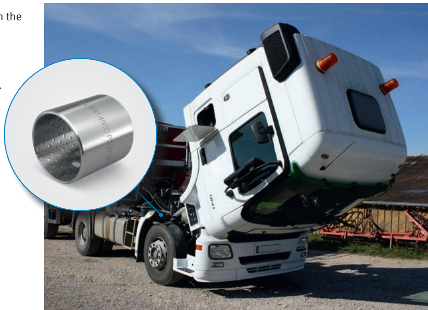
Bearing with KS Permaglide® plain bearing bush design PAP ... P200
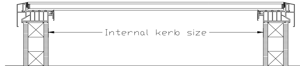
FRONT ELEVATION (DEPTH)

If you wish to place an order please sign and email/fax back.
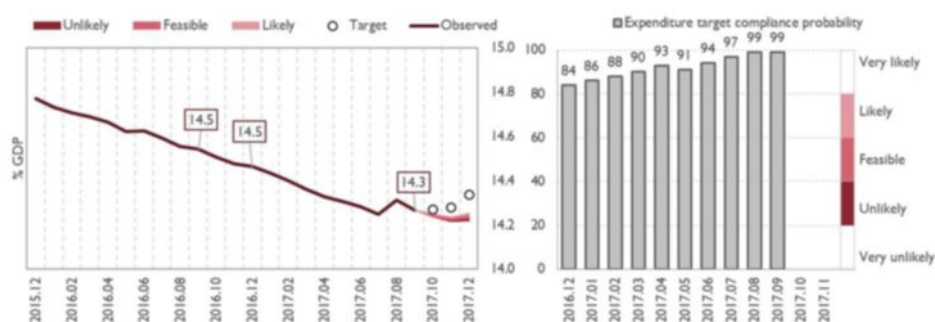
GRAPH 3 NON-FINANCIAL EXPENDITURE
• • •
» THE TASK
Repeat only the lines from the one holding "If you wish" through the last line of the data, inclusive. Keep the pictures out.

» EXERCISE OUTPUT
If you wish to place an order please sign and email/fax back.
GRAPH 3 NON-FINANCIAL EXPENDITURE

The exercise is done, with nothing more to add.